VAMboozled!: VAM Updates from an Important State to Watch: Tennessee
The state of Tennessee, the state in which our beloved education-based VAMs were born (see here and here), has been one state we have been following closely on VAMboozled! throughout the last year’s blog posts.
Throughout this period we have heard from concerned administrators and teachers in Tennessee (see, for example, here and here). We have written about how something called subject area bias also exists, unheard of in the VAM-related literature until a Tennessee administrator sent us a lead, and we analyzed Tennessee’s data (see here and here, and also an article also written by my graduate student and now Dr.Jessica Holloway-Libell forthcoming in the esteemed Teachers College Record). We followed closely the rise and recent fall of the career of Tennessee’s Education Commissioner Kevin Huffman (see, for example, here and here, respectively). And we have watched how the Tennessee Board of Education and other leaders in the state have met, attempted to rescind, and actually rescinded some of the policy requirements that tie teachers’ to their VAM scores, again as determined by teachers’ students’ performance as calculated by the familiar Tennessee Education Value-Added Assessment System (TVAAS), and its all-too-familiar mother-ship, the Education Value-Added Assessment System (EVAAS).
Now, following the (in many ways celebrated) exit of Commissioner Huffman, it seems the state is taking an even more reasonable stance towards VAMs and their use(s) for teacher accountability…at least for now.

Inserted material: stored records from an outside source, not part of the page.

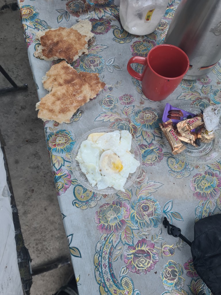 Natürlich gab es Tschai – gut – und Sweets, Twix, einzeln verpackte Schokokekse, Rosinen, mmm, und türkischen Nougat, mmmm. Dazu Fladenbrot, so trocken, wie es noch nie in meinen Radtaschen war. Der Hunger treib’s rein.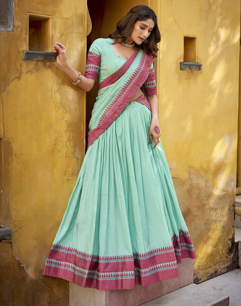 Sky Blue Embroidered Chanderi Ethnic Lehenga Choli With Dupatta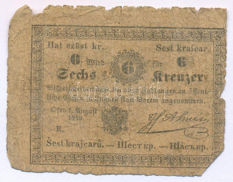 https://www.darabanth.com/en/517-Auction-philately-postcards-numismatics-artwork-books-collectibles-jewelry/522.0/Numismatics/Hungarian-Banknotes~474/1849-6kr-Almasy-E-sorozat-T-VG-GHungary-1849-6-Kreuzer-Almasy-E-prefix-C-VG-GAdamo-G100~II3479693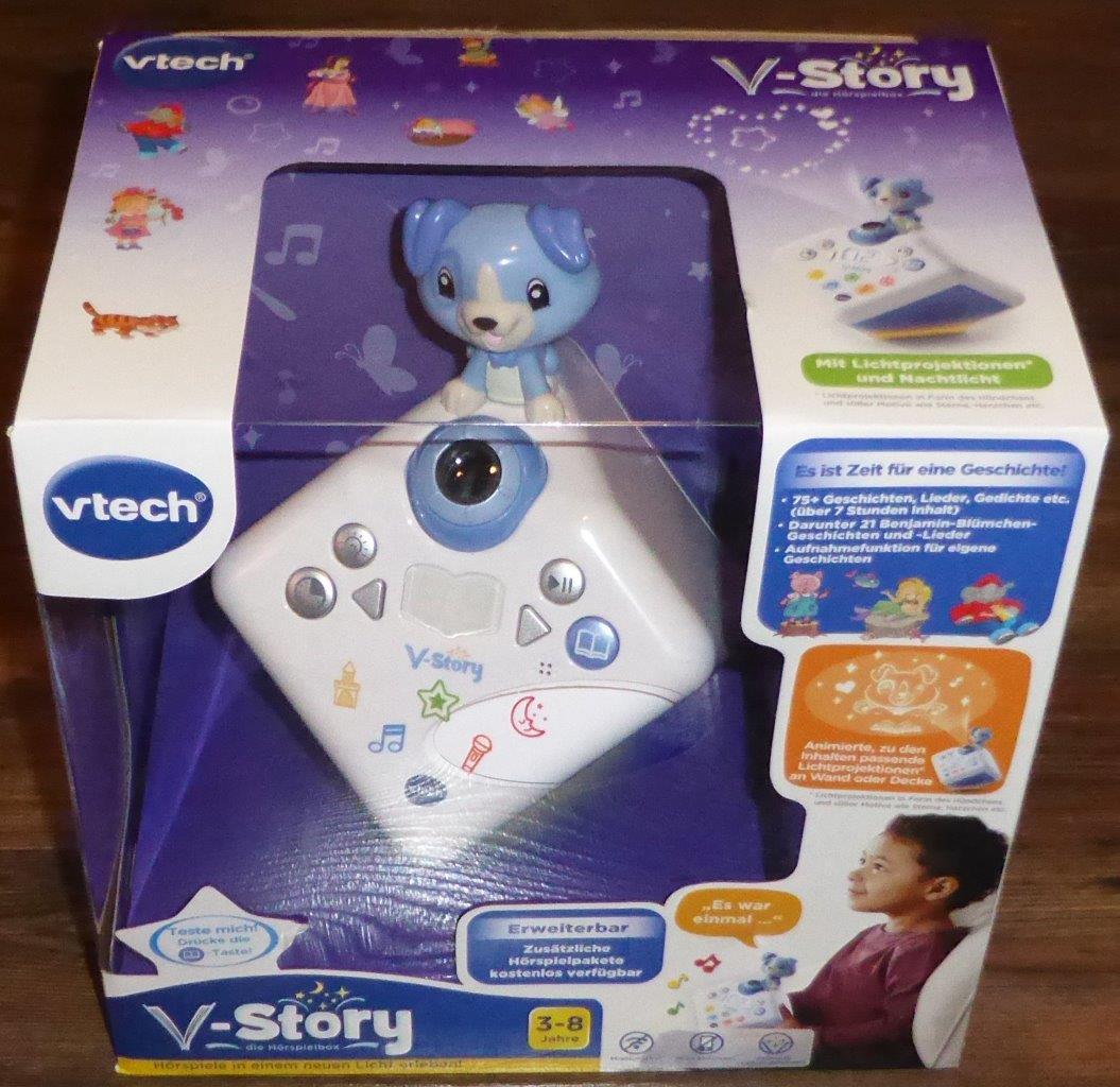 Die Vtech V-Story Hörspielbox verfügt über 80 integrierte Geschichten, Märchen, Gedichte, Lieder, Gute-Nacht-Geschichten, Traumreisen, Fabeln und Sagen. Über einen Download können weitere Geschichtenpakete kostenlos von Vtech heruntergeladen werden. (vtech.de/support/download-manager)
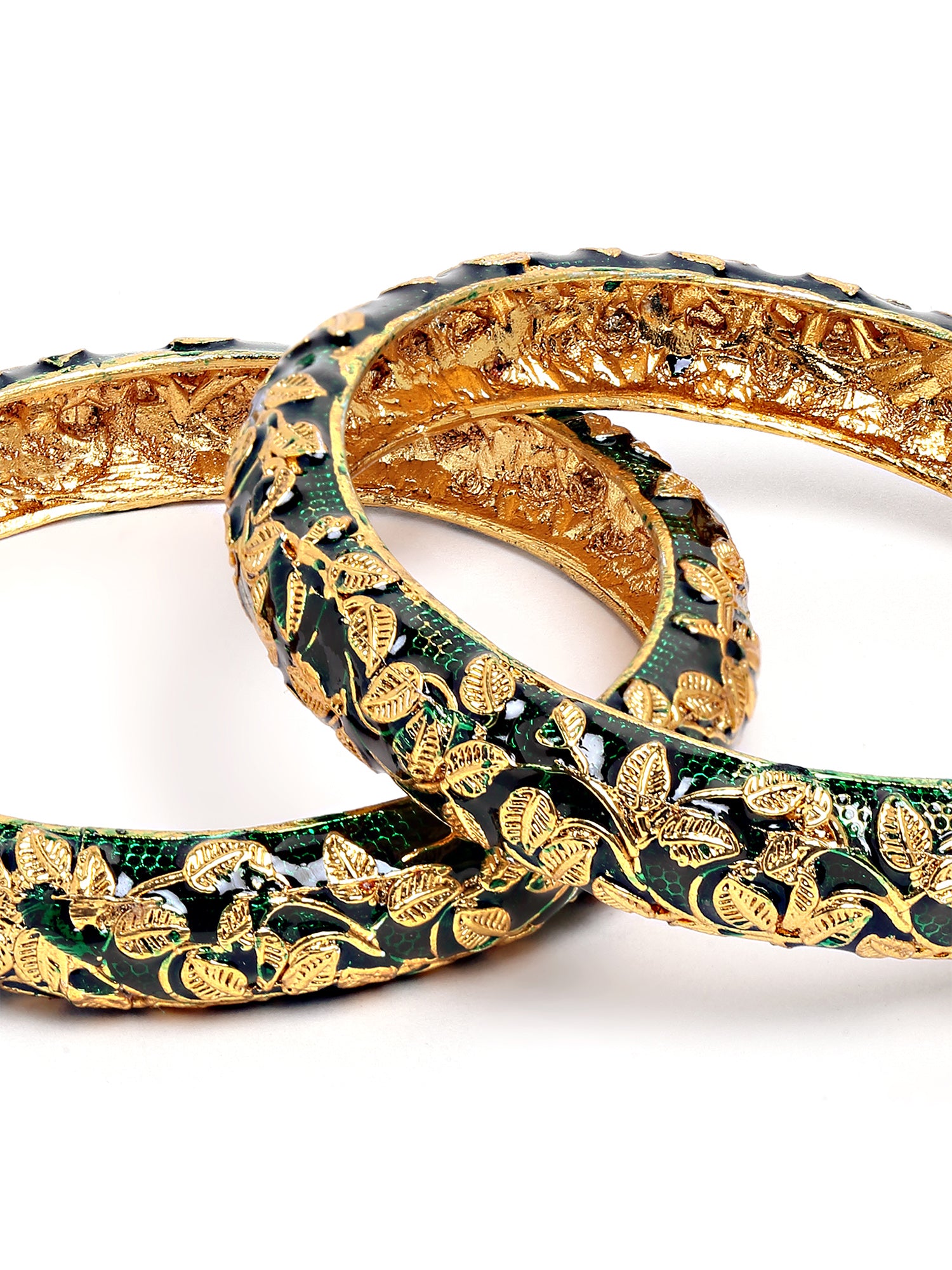 Karatcart Set of 2 Antique Green and Gold Plated Rajwadi Bangles for Women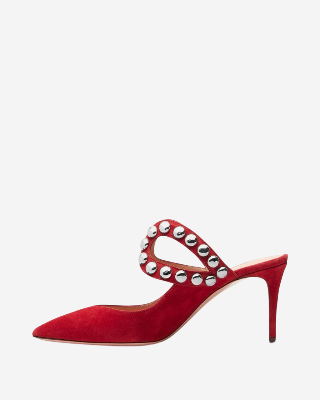 - Description: Pointed toe heels, stud details, stiletto heel, silver hardware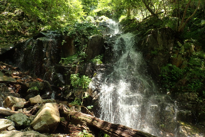 ようやく久しぶりに滝らしい滝が現れたと思ったら、これは左俣にかかる滝だった。進むのは那岐山頂に近い右俣である。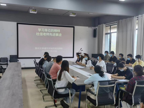 守望相助,共克时艰。在这艰难的时刻,我们更需要榜样的力量。会议上,开展了“学习身边的榜样——杜佳老师先进事迹”,杜佳老师作为贵州大学建筑与城市规划学院教授,硕士生导师,不仅拥有丰硕的学术成果,作为一名优秀的共产党员,更是在疫情期间做出卓越贡献。这鼓舞了在座的各位同学,给予了大家精神力量。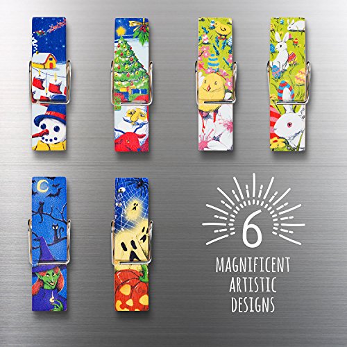- ✔ STUNNING HOLIDAY PRINTS - Add an artsy, colourful touch to your kitchen or office décor with the cutest decorative magnets! Decorate your fridge, locker or cubicle with colorful Christmas, Easter and Halloween prints and breathe new air into your room!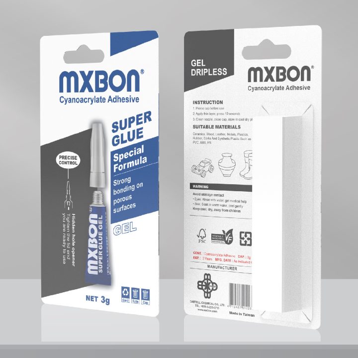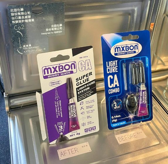 北回化學計畫於 2026 年第一季 正式將紙泡殼包裝導入生產線,預計首波導入 MXBON 消費型瞬間膠系列產品,逐步取代現行塑膠泡殼包裝。

As per a recent article in the Tennessee Education Report (see also an article in The Tennesseanhere) Governor Bill Haslam announced this week that “he will be proposing changes to the state’s teacher evaluation process in the 2015 legislative session,” the most significant change being “to reduce the weight of value-added data on teacher evaluations during the transition [emphasis added] to a new test for Tennessee students.” New tests are to be developed in 2016, which is unlikely to be part of the Common Core, and rather significantly informed by teachers in consultation with Measurement Inc.
Anyhow, as per Governor Haslam’s press release (as also cited in this article), he intends to do the following three things:
- Adjust the weighting of student growth data in a teacher’s evaluation so that the new state assessments in ELA [English/language arts] and math will count 10 percent of the overall evaluation in the first year of administration (2016), 20 percent in year two (2017) and 35 percent in year three (2018). Currently 35 percent of an educator’s evaluation is comprised of student achievement data based on student growth;
- Lower the weight of student achievement growth for teachers in non-tested grades and subjects from 25 percent to 15 percent;
- And make explicit local school district discretion in both the qualitative teacher evaluation model that is used for the observation portion of the evaluation as well as the specific weight student achievement growth in evaluations will play in personnel decisions made by the district.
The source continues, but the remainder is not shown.